Upload PDFs for analysis, summarization, or question-answering. Claude extracts text and layout.

import base64
with open("report.pdf", "rb") as f:
    pdf_data = base64.b64encode(f.read()).decode("utf-8")
response = client.messages.create(
    model="claude-sonnet-4-20250514",
    max_tokens=1024,
    messages=[
        {
            "role": "user",
            "content": [
                {
                    "type": "document",
                    "source": {
                        "type": "base64",
                        "media_type": "application/pdf",
                        "data": pdf_data
                    }
                },
                {
                    "type": "text",
                    "text": "Summarize this report."
                }
            ]
        }
    ]
)
print(response.content[0].text)

Images and Vision

Claude can analyze images for object detection, OCR, or visual reasoning.

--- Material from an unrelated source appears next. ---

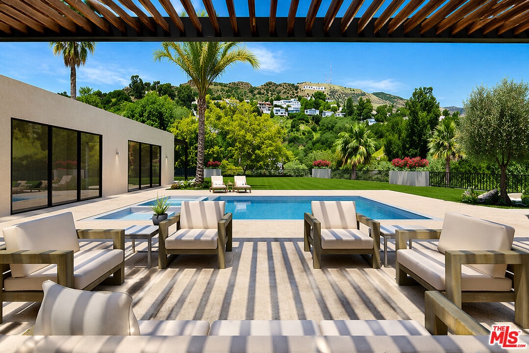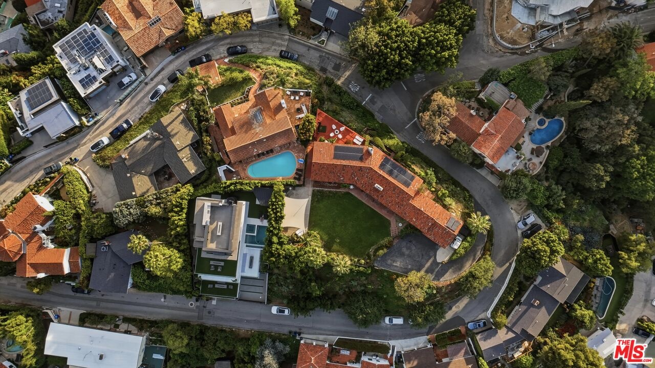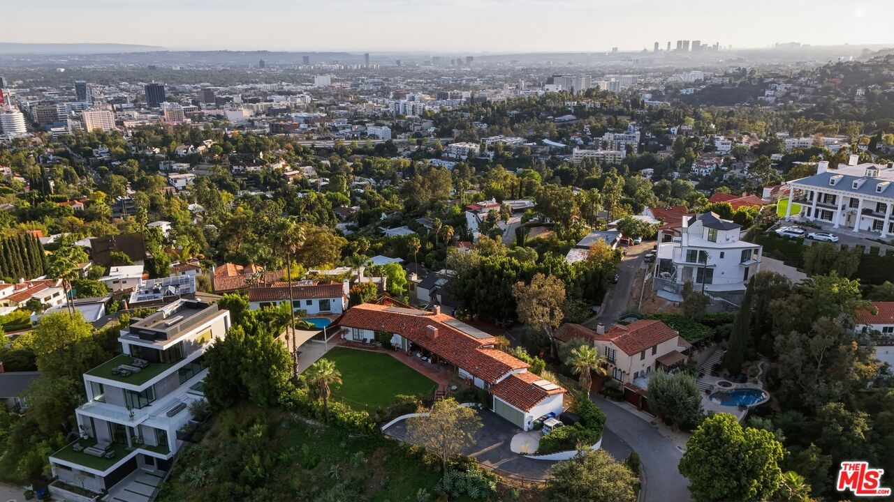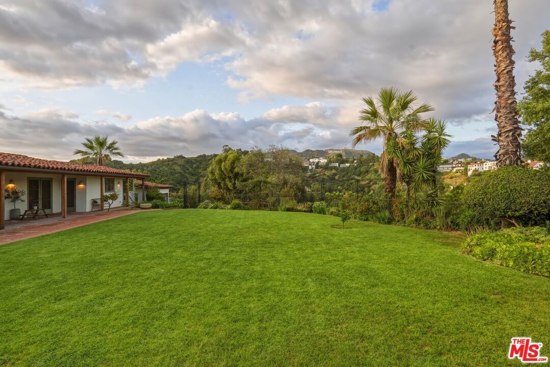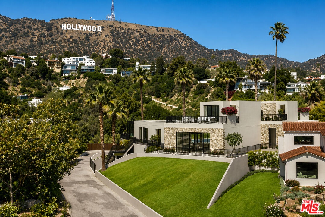 Prime development opportunity in the heart of Beachwood Canyon. This rare offering comes with fully approved RTI (Ready-To-Issue) plans and permits for a striking approximately 9,600-square-foot modern estate, along with the option of an exemption allowing for an additional 2,000 square feet of living space, creating an opportunity to build a truly significant architectural residence in one of Los Angeles' most iconic hillside enclaves. Perched atop a rare, mostly flat half-acre promontory, the property captures breathtaking, unobstructed panoramic views stretching from the Hollywood Sign to Catalina Island, with sweeping vistas that showcase the full majesty of the Los Angeles skyline and coastline. The existing 1950's California Ranch home enjoys extraordinary privacy as it's elevated above the neighbors. Additionally, as the property is located on a loop, there is minimal traffic, creating an exceptionally serene setting that is only minutes away from the city. The residence consists of three bedrooms and two full bathrooms plus office or flex space. All bedrooms have double doors that open to the exterior showcasing either the city and ocean views or the flat lawn and views of the Hollywood sign and surrounding nature preserve. The additional office also has access to the lawn for blending business and pleasure. The main bedroom contains an en suite and double closets. Additionally, the third bedroom has its own cozy fireplace. The home maintains original charm and character in the beautiful living room with a high beamed wood ceiling and hardwood floors. The central fireplace creates an intimate, relaxing space further enhanced with the remarkable city views. The dining room connects directly to the kitchen with two separate preparation tops and Spanish tile floors. The laundry room is conveniently located off of the kitchen. Outside, the front of the home and patio has its own stepped pathway leading down to the street, while in the rear, there is an exterior fireplace with accompanying gas BBQ grill facing the flat grass lawn and spectacular views of the Hollywood sign and hills. The approved plans have been thoughtfully designed to maximize the site's extraordinary 360-degree views, creating a dramatic modern estate that fully embraces its remarkable setting. Accessed via a private driveway, the offering becomes even more compelling with two APNs included, presenting the unique potential to develop two separate residences: an exceptional opportunity for builders, developers, or end users seeking to create a landmark compound in the Hollywood Hills. The existing residence allows the next owner to occupy immediately or move forward with the approved plans or explore alternative development possibilities.

with open("chart.png", "rb") as f:
    image_data = base64.b64encode(f.read()).decode("utf-8")
response = client.messages.create(
    model="claude-sonnet-4-20250514",
    max_tokens=1024,
    messages=[
        {
            "role": "user",
            "content": [
                {
                    "type": "image",
                    "source": {
                        "type": "base64",
                        "media_type": "image/png",
                        "data": image_data
                    }
                },
                {
                    "type": "text",
                    "text": "What does this chart show?"
                }
            ]
        }
    ]
)

Best Practices for Production

Start with model capabilities – master thinking, citations, and batch before adding tools.
Use prompt caching for system prompts and large context to reduce costs by up to 90%.
Monitor token usage with the counting endpoint to avoid surprises.
Enable parallel tool calls when Claude needs multiple pieces of information.
Use batch processing for non-urgent, high-volume tasks to save 50%.

Key Takeaways

Claude’s API is organized into five areas: model capabilities, tools, tool infrastructure, context management, and files.
Adaptive thinking lets Claude dynamically allocate reasoning depth – use effort to control it.
Batch processing cuts costs by 50% for asynchronous workloads.
Prompt caching and context compaction keep long sessions efficient and affordable.
Tools like web search and code execution let Claude take real-world actions, and parallel tool calls reduce latency.